Can Apple's Stock Still Shine Without Jobs? By KEN HOOVER, INVESTOR'S BUSINESS DAILY
Posted 08/25/2011 07:06 PM ET

If there were a Hall of Fame for winning stocks, Apple ( AAPL) would surely be inducted.

And just-resigned Steve Jobs would be its most valuable player.

Apple's share price has climbed 6,260% from a low on April 17, 2003, just as it was engineering its turnaround from the wreckage of the tech bubble.



That price gain puts Apple in a league with the great growth stocks of the past three decades, along with Cisco Systems ( CSCO), Microsoft ( MSFT) and Wal-Mart ( WMT).

Under its charismatic founder Jobs and driven by relentless innovation — starting with the iPod, followed by the iPhone and iPad, all as it polished its sleek line of PCs and laptops — the Cupertino, Calif., company grew earnings at a staggering clip.

Its 2003 earnings were 10 cents a share, adjusted for a stock split. It's on track to finish this year with EPS of $27.42, according to analysts tracked by Thomson Reuters, who routinely underestimate its potential.

Apple rivals Exxon Mobil ( XOM) as the world's biggest company, yet posts quarterly numbers like a nimble new issue. Earnings in the latest quarter were 122% higher than a year earlier. Revenue jumped 82%.

That growth isn't even reflected in the share price. As good students of growth stocks know, the price-earnings ratio of a winning stock is high when it starts its big advance and usually expands 130% over the next couple years.

Apple broke out of the first base in its recent advance on March 4, 2004, with a P-E ratio of 54. Today, its P-E stands at 14.

From that first base, a classic 20-week cup-with-handle pattern, Apple climbed nearly seven-fold. It looked like it had topped when it corrected 42% in the first half of 2006. But it rebounded to a new high in December 2007, just as the Great Recession hit.

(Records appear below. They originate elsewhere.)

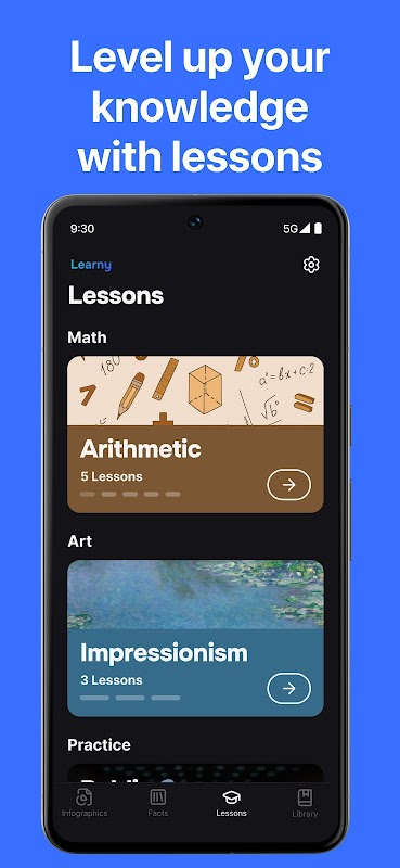 모든 연령대의 학습자를 위해 설계된 Learny는 마이크로러닝을 최대한 활용하고자 하는 성인을 위한 최고의 학습 앱 중 하나입니다. 직관적인 인터페이스와 완벽한 e러닝 경험을 통해 빠른 수업과 포괄적인 정보를 모두 누리세요. 역사, 수학, 철학 등 어떤 학습 목표를 가지고 있든, 저희 학습 앱은 여러분의 참여를 유도하고 유익한 정보를 제공합니다.
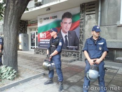 Протестиращи целиха надпписа на ДПС с яйца, но полицията се намеси.
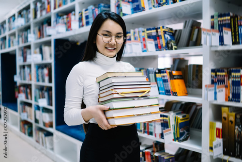 Asian happy woman buying books in bookstore
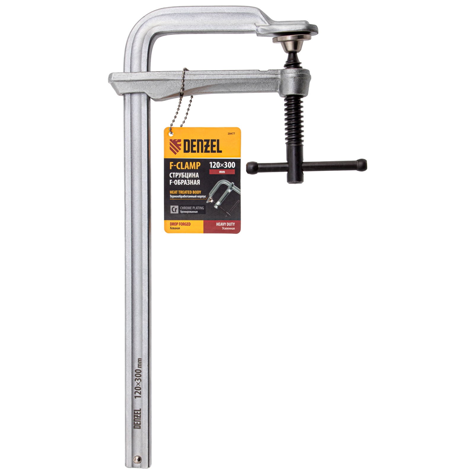 Кованая F-образная струбцина Denzel 20477 с глубиной зажима 120 мм, усиленная, предназначена для фиксации деталей шириной до 300 мм и материалов при проведении слесарных, столярных и сварочных работ. Тавровый профиль обеспечивает устойчивость конструкции к изгибу, что позволяет фиксировать детали со значительным усилием. Струбцина подходит для профессионального применения.
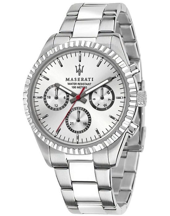 Мужские часы с хронографом Maserati COMPETIZIONE R8853100018, кварцевый механизм с высокой точностью. Класс водозащиты: 100 метров, позволит плавать, нырять и заниматься другими водными видами спорта. Корпус часов изготовлен из стали, серебристого цвета.
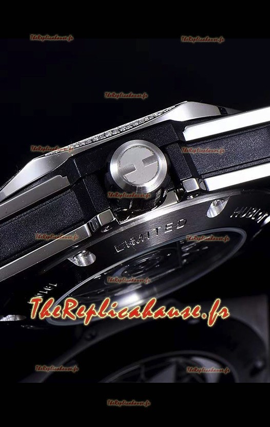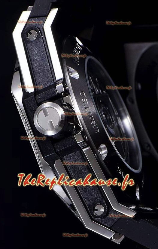 Boîtier en acier inoxydable 316L avec tous les marquages et gravures d'origine. Diamants de haute qualité taillés en Suisse incrustés sur le boîtier et la lunette.
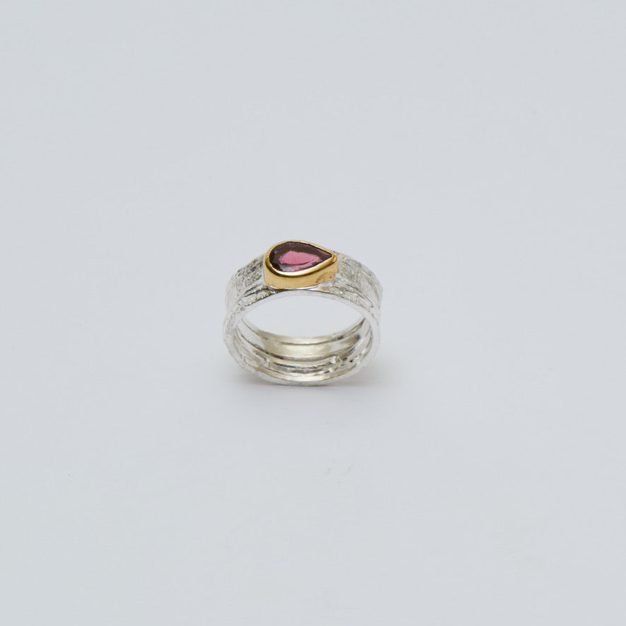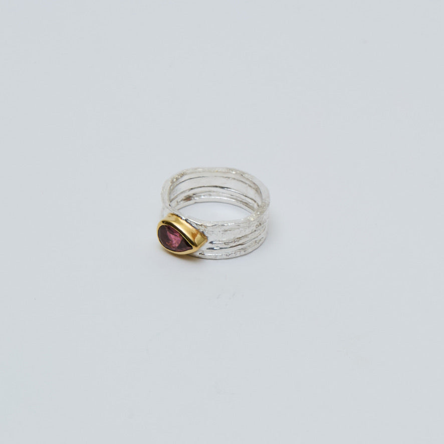 Pink Tourmaline GP Wide Sterling Ring Sz 8
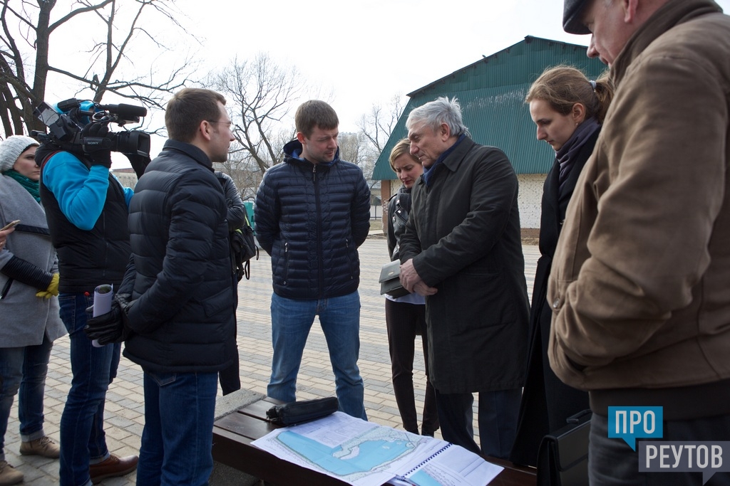 Обход пруда начался с новой площади у хэштега. Участники совещания с планом проекта и эскизами двинулись вдоль берега, на месте обсуждая нюансы скорых преобразований. Приведение в порядок береговой линии — самый большой объём предстоящих работ.
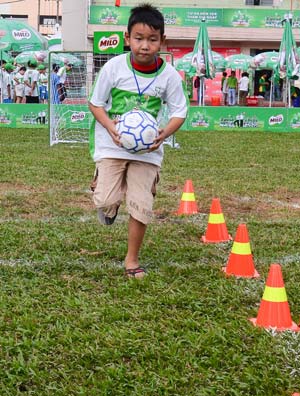 Lần đầu làm quen với những trò chơi cảm ứng: chuyền bóng, sút bóng, các cậu bé cô bé lại chạy ùa về khoe với các thầy, cô phụ trách chiến lợi phẩm là những gói MILO be bé xinh xinh.
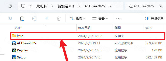 12.打开安装包解压后的【ACDSee 2025(bit)】文件夹,双击打开【汉化】文件夹
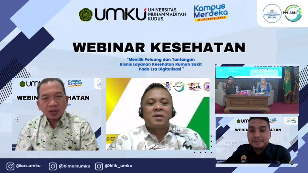 Webinar dengan tema “Peluang dan Tantangan Bisnis Layanan Kesehatan Rumah Sakit di Era Digitalisasi” menghadirkan pembicara expert dibidangnya. Pembicara tersebut ialah dr. Bayu Chandra Cahyono, MM, CPHCM, (Owner Nusantara Hospital Training and Consulting), pembiacara kedua Neni Muslimah Syari, S.AB., M.MRS (RSI Sunan Kudus/dosen Prodi ARS UMKU)
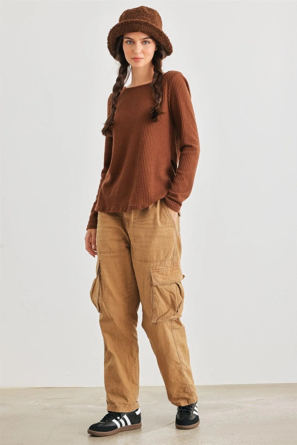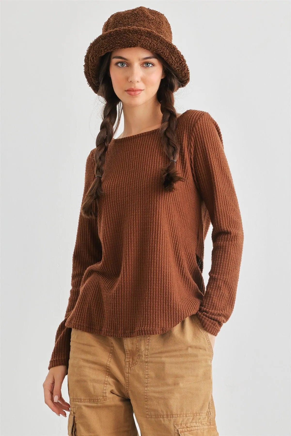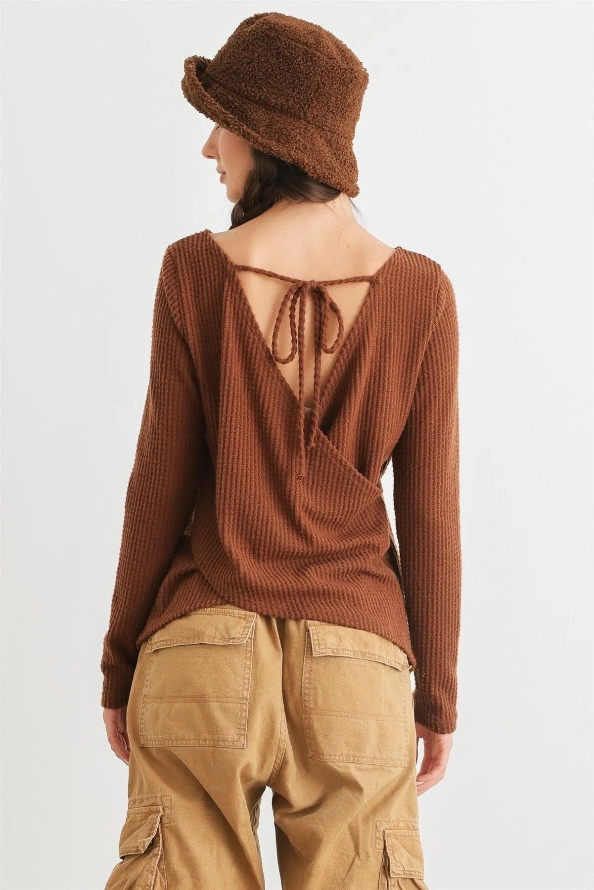 🖤 Item Features: Brown, waffle knit material, round neckline, long sleeves, wrap & self-tie back, semi-stretchy, not see through, unlined, casual, cute, warm, cozy, girlish, fall winter.
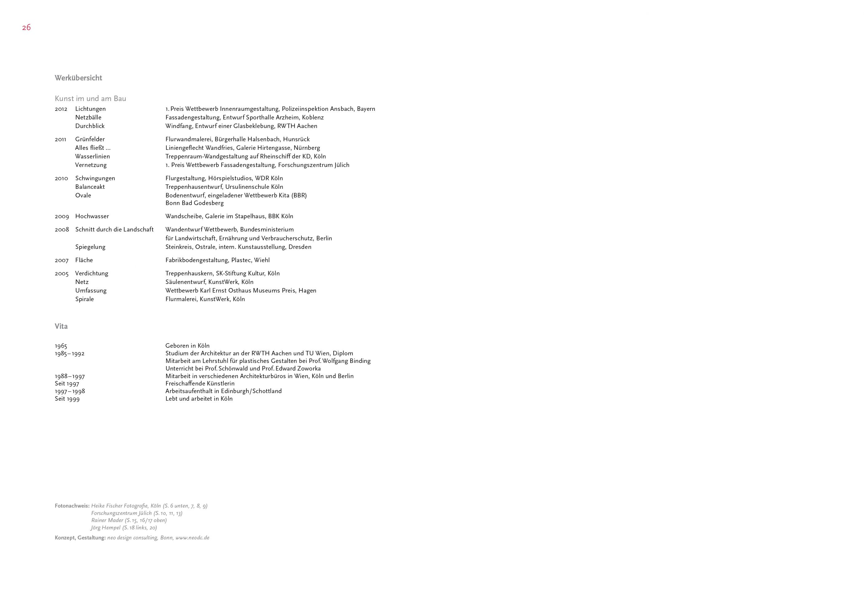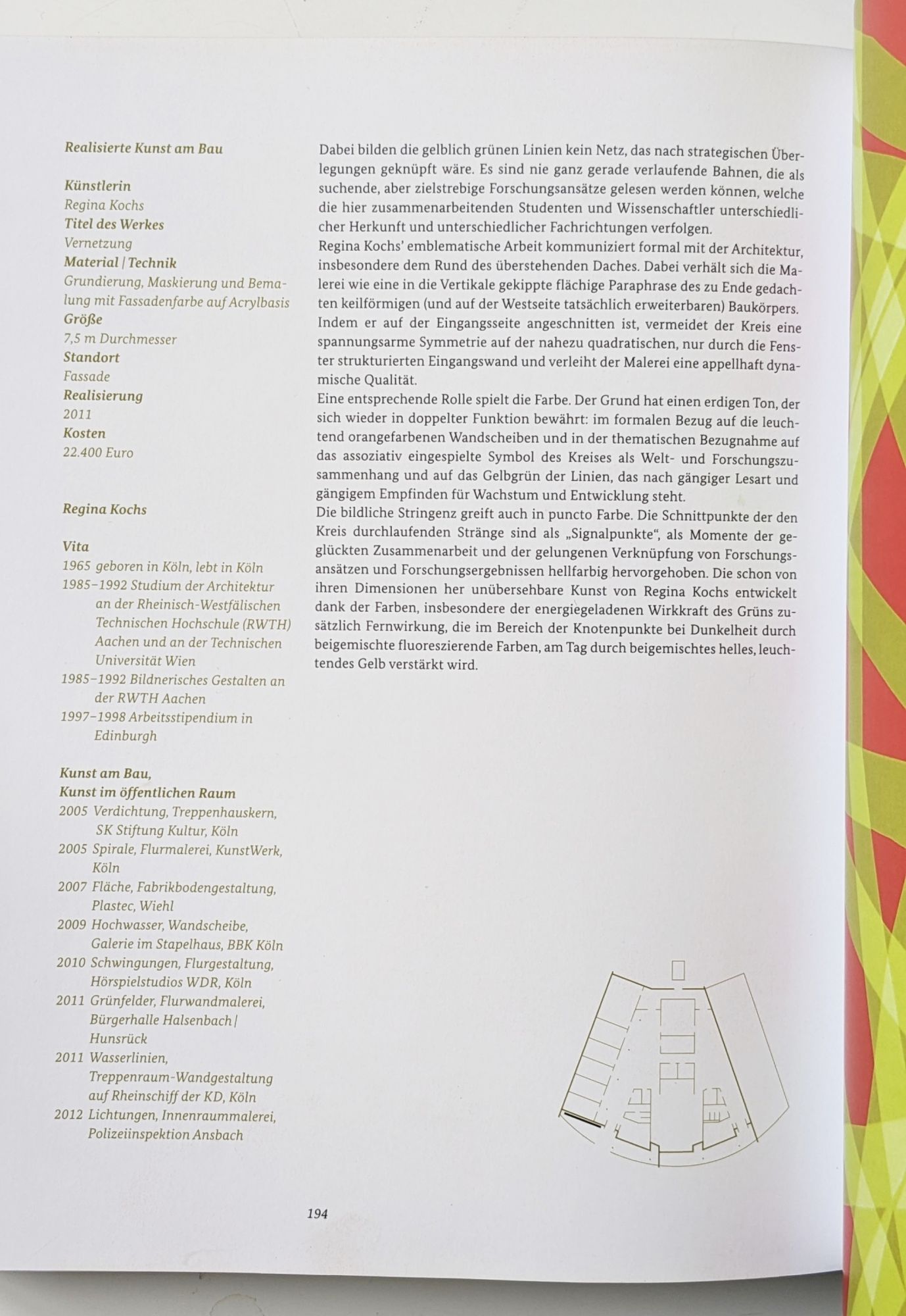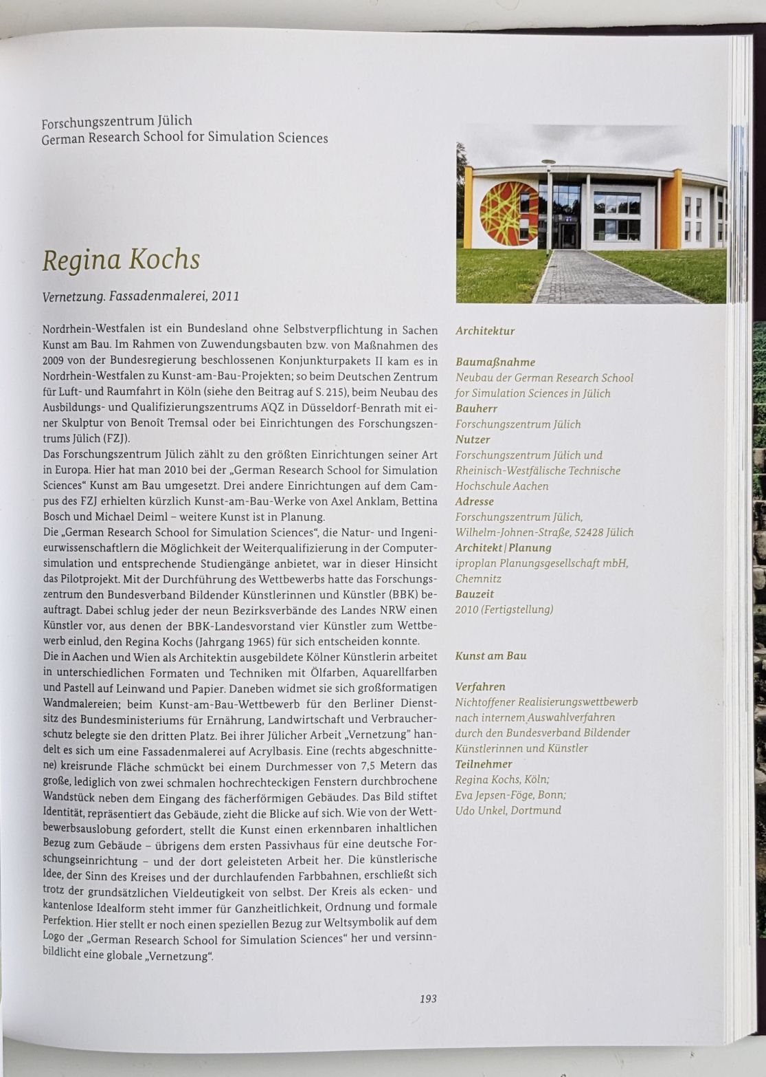 "Vernetzung" S. 192-195 in "Kunst am Bau, Projekte des Bundes 2006-2013" eine ausführliche Dokumentation von knapp 60 realisierten Werken. Herausgeberin: BM für Umwelt, Naturschutz, Bau und Reaktorsicherheit, Redaktion: BBR. Berlin 2014. ISBN 978-3-86859-246-7

The stock fell 61% the next year. That's when Apple showed its mettle. Earnings growth barely slowed, then re-accelerated in the third quarter of 2009.

From a January 2009 low, the stock rocketed 417%.

Is Apple's run finished?

Most of the big winners of the past two years have been pummeled in the current correction — think Netflix ( NFLX), Fossil ( FOSL), Chipotle Mexican Grill ( CMG) and Lululemon Athletica ( LULU). But Apple so far has held its ground.

The stock remains above the buy point of its last base and is finding support at its 50-day moving average line. It is 8% off an all-time high amid an 18% Nasdaq correction.

Even Jobs' exit brought barely a hiccup Thursday: The stock fell less than 1%. That shows mutual funds and other institutional investors support it, despite its big climb and loss of its all-star CEO.

There is precedent for a continued run in history's other big winners. Cisco went public in January 1990 and climbed 3,180% before correcting 54% in a serious market correction in 1994. It looked like it was done.

But its innovative spirit still burned brightly in the second half of the decade, and the stock climbed another 7,785% before finally topping in March 2000.

Innovation drives growth, and if Apple can maintain its creative edge under new CEO Tim Cook, it may find new life just as Cisco and a few others have.